When I run the following program (with optimization on), the for loop with the std::vector takes about 0.04 seconds while the for loop with the array takes 0.0001 seconds.

#include <iostream>
#include <vector>
#include <chrono>

int main()
{
    int len = 800000;
    int* Data = new int[len];

    int arr[3] = { 255, 0, 0 };
    std::vector<int> vec = { 255, 0, 0 };

    auto start = std::chrono::high_resolution_clock::now();
    for (int i = 0; i < len; i++) {
        Data[i] = vec[0];
    }
    auto finish = std::chrono::high_resolution_clock::now();
    std::chrono::duration<double> elapsed = finish - start;
    std::cout << "The vector took " << elapsed.count() << "seconds\n";

    start = std::chrono::high_resolution_clock::now();
    for (int i = 0; i < len; i++) {
        Data[i] = arr[0];
    }
    finish = std::chrono::high_resolution_clock::now();
    elapsed = finish - start;
    std::cout << "The array took " << elapsed.count() << "seconds \n";

    char s;
    std::cin >> s;
    delete[] Data;
}

The code is a simplified version of a performance issue I was having while writing a raycaster.
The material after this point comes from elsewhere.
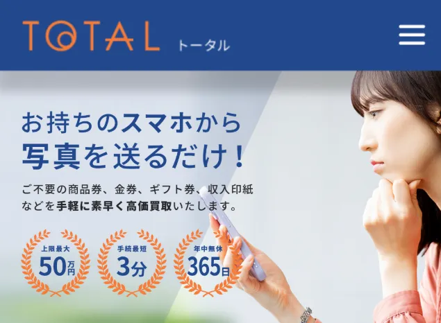 トータルはWEBサイト上で「手続き最短3分」「上限最大50分」といった言葉で利用者を勧誘しています。申込から入金までが非常に短時間で、ギフト券や商品券の写真を送るだけで手続きを完了できる手軽さを強調しています。

The len variable corresponds to how many times the loop in the original program needs to run (400 pixels * 400 pixels * 50 maximum render distance). For complicated reasons (perhaps that I don't fully understand how to use arrays) I have to use a vector rather than an array in the actual raycaster. However, as this program demonstrates, that would only give me 20 frames per second as opposed to the envied 10,000 frames per second that using an array would supposedly give me (obviously, this is just a simplified performance test). But regardless of how accurate those numbers are, I still want to boost my frame rate as much as possible. So, why is the vector performing so much slower than the array? Is there a way to speed it up? Thanks for your help. And if there's anything else I'm doing weirdly that might be affecting performance, please let me know. I didn't even know about optimization until researching an answer for this question, so if there are any more things like that which might boost the performance, please let me know (and I'd prefer if you explained where those settings are in the properties manager rather than command line since I don't yet know how to use the command line)

ElliotThomas
  • 305
  • 1
  • 3
  • 15
  • 9
    Which compiler, what optimization options? The most obvious problem with this code is that the vector loop runs first, so it pays the cost of page-faults for touching the newly-allocated `Data[]` for the first time. It's not even that big, so the 2nd loop probably gets L3 cache hits, too. Sanity-check your results by doing the tests in the other order. (Or just add a warm-up loop.) You also never use `Data[anything]` after the 2nd loop, so that memset might get optimized away. – Peter Cordes Feb 19 '20 at 05:36
  • 5
    Also you should do something opaque with the data in the array (like use random numbers and print out the unsigned sum) to prevent it being optimized out entirely. – Galik Feb 19 '20 at 05:36
  • I also wonder if `int tmp = vec[0];` would help the compiler know that the dynamically allocated memory for `Data[]` doesn't overlap with the dynamically allocated memory for `vec[]`, so it can compile into a vectorized memset without reloading every time. Nope, not a problem; MSVC and GCC both make the same fill loop. GCC uses a `movups` 16-byte store (if you use `-O3` to auto-vectorize), MSVC uses `rep stosd` which is a better choice for CPUs that might have 32 or 64-byte internal data paths. https://godbolt.org/z/s3O57Q. – Peter Cordes Feb 19 '20 at 05:44
  • 7
    Quickly tested it with [reversed order](http://coliru.stacked-crooked.com/a/6f3156a4a5e708f0) where the vector is faster and with a [warmup-loop](http://coliru.stacked-crooked.com/a/a7f70cdf3a270531) where both are equally fast. – Lukas-T Feb 19 '20 at 06:54
  • What exactly are you trying to measure? Is it `operator[]` speed? Your benchmark may not reproduce the issue your real code encounters. For example, the compiler may assume that `int* a` and `int* b` in your real code alias and generate slower code. – Maxim Egorushkin Feb 19 '20 at 10:33

2 Answers2

1

Let us observe how GCC optimizes this test program:

#include <vector>

int main()
{
    int len = 800000;
    int* Data = new int[len];

    int arr[3] = { 255, 0, 0 };
    std::vector<int> vec = { 255, 0, 0 };

    for (int i = 0; i < len; i++) {
        Data[i] = vec[0];
    }
    for (int i = 0; i < len; i++) {
        Data[i] = arr[0];
    }
    delete[] Data;
}

The compiler rightly notices that the vector is constant, and eliminates it. Exactly same code is generated for both loops. Therefore it should be irrelevant whether the first loop uses array or vector.

.L2:
    movups  XMMWORD PTR [rcx], xmm0
    add     rcx, 16
    cmp     rsi, rcx
    jne     .L2

What makes difference in your test program is the order of loops. The comments point out that when a third loop is added to the beginning, both loops take the same time.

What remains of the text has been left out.